======== Material for this exercise

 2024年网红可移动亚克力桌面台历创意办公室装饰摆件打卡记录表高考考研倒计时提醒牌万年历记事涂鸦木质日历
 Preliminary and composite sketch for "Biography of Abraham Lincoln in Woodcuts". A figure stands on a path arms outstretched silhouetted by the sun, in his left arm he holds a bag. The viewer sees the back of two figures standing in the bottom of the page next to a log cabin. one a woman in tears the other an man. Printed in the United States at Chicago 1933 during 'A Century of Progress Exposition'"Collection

================
======== Material for this exercise

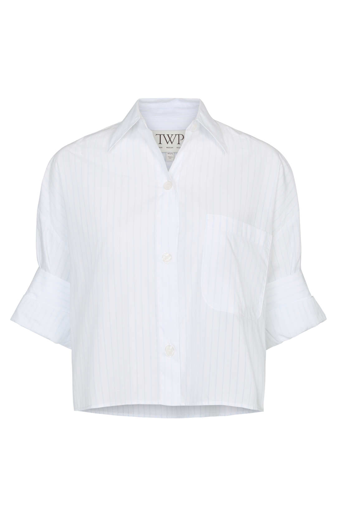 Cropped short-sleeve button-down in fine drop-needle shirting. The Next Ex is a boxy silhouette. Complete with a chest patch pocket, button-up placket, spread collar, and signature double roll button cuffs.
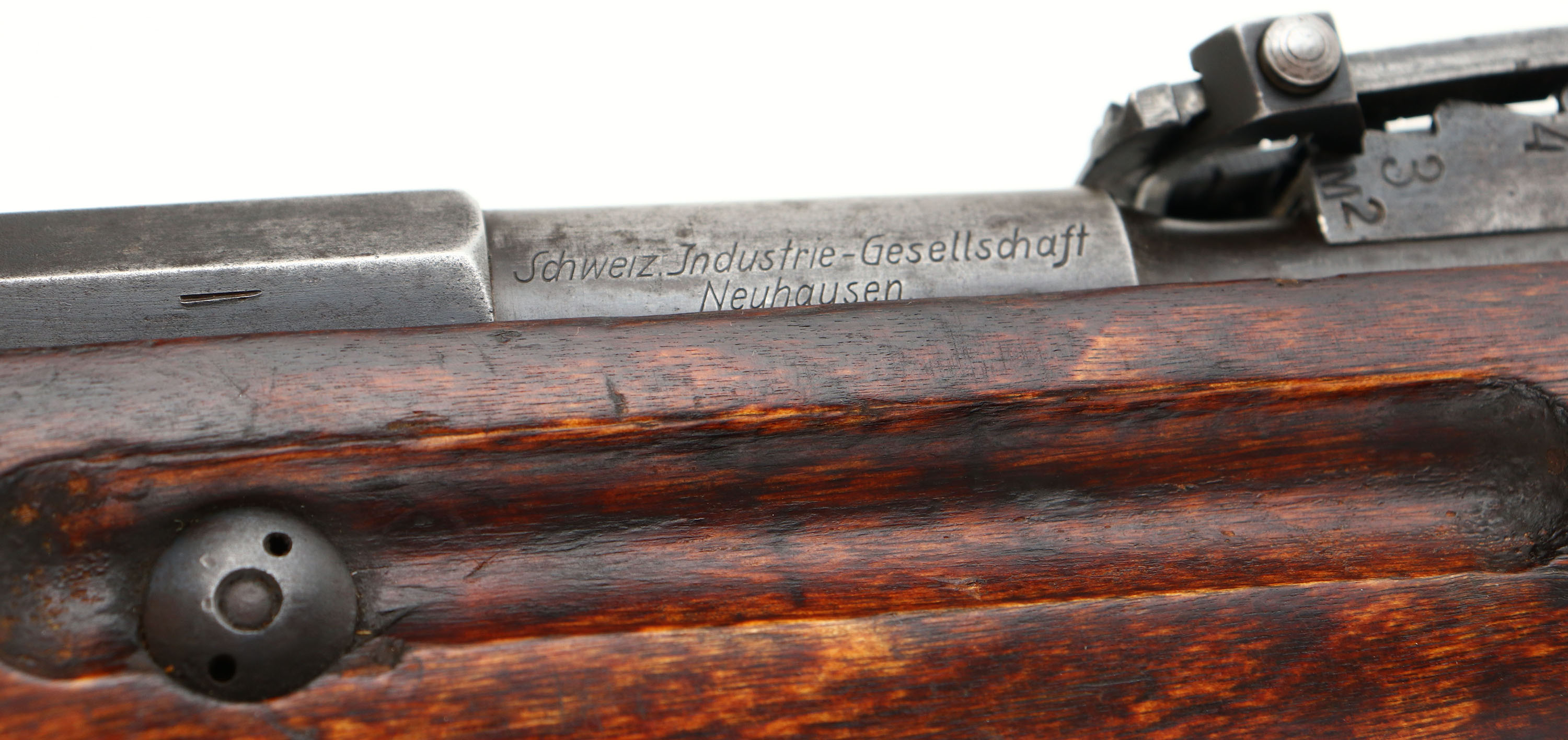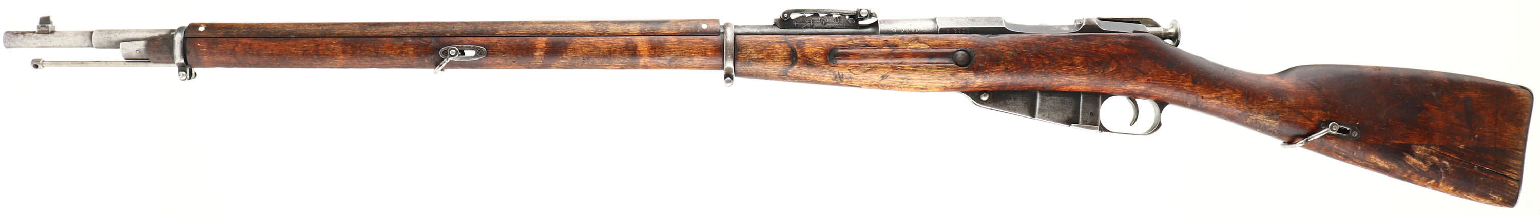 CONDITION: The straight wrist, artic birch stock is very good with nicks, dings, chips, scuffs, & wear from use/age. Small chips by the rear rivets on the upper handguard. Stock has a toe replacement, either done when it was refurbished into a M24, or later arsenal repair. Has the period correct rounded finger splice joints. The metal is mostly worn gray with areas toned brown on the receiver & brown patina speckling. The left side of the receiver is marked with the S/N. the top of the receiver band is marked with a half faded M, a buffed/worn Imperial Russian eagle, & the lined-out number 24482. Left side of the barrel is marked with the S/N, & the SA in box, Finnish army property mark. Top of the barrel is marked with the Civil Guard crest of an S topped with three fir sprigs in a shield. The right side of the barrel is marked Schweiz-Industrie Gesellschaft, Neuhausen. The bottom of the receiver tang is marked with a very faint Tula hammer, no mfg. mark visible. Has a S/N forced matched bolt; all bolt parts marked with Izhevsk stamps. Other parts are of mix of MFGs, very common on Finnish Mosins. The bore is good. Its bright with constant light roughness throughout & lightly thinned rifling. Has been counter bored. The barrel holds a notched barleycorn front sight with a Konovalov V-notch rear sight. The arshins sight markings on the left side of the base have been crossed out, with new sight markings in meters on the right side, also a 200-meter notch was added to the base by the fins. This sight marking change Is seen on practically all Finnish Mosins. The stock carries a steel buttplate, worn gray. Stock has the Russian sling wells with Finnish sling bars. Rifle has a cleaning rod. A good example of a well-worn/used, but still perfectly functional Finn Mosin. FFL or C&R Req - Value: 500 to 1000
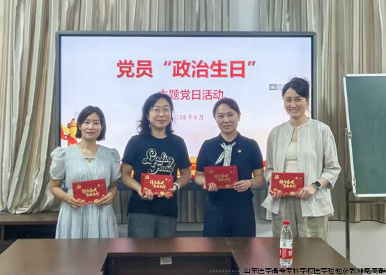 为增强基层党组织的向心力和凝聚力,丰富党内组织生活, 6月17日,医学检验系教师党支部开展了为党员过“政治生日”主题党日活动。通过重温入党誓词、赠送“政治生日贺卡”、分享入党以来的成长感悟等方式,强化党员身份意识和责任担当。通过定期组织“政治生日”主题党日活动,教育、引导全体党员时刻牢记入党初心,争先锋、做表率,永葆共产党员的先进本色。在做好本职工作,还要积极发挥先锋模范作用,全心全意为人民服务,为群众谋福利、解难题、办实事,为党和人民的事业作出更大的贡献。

================
======== Material for this exercise

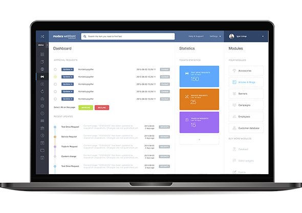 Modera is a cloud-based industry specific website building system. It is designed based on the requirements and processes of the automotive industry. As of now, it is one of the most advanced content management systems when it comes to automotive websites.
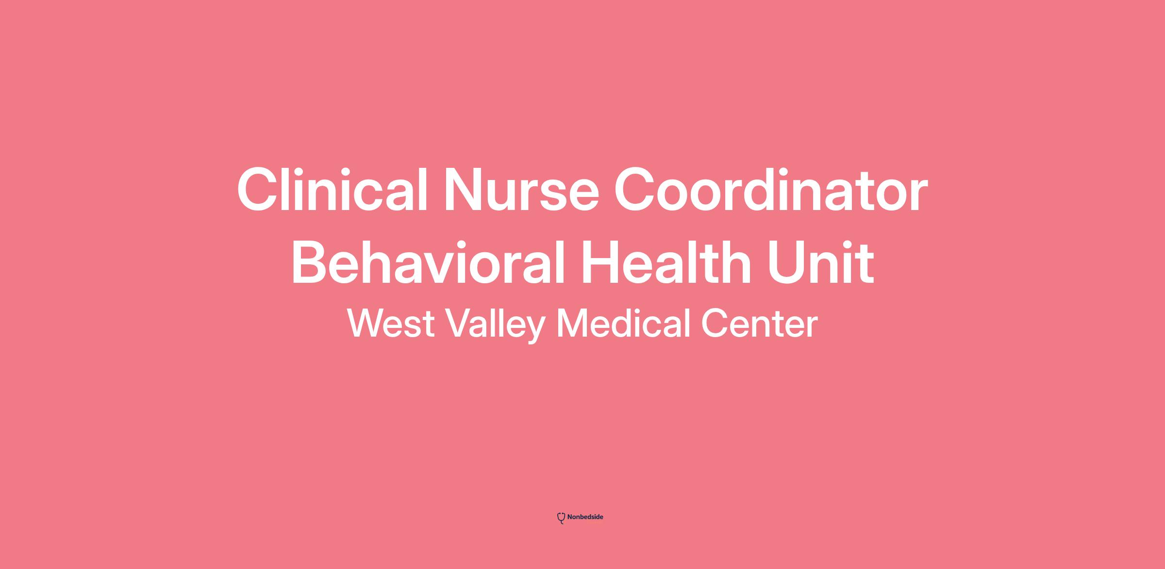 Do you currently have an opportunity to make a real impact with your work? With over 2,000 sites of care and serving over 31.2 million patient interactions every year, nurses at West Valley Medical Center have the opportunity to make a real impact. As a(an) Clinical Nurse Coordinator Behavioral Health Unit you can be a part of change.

================

How to complete this task
What are the lines in the records above, word for word, from the one containing "Modera is a" through the one containing "Do you currently", both ends included and pictures left out?

Expected answer
 Modera is a cloud-based industry specific website building system. It is designed based on the requirements and processes of the automotive industry. As of now, it is one of the most advanced content management systems when it comes to automotive websites.
 Do you currently have an opportunity to make a real impact with your work? With over 2,000 sites of care and serving over 31.2 million patient interactions every year, nurses at West Valley Medical Center have the opportunity to make a real impact. As a(an) Clinical Nurse Coordinator Behavioral Health Unit you can be a part of change.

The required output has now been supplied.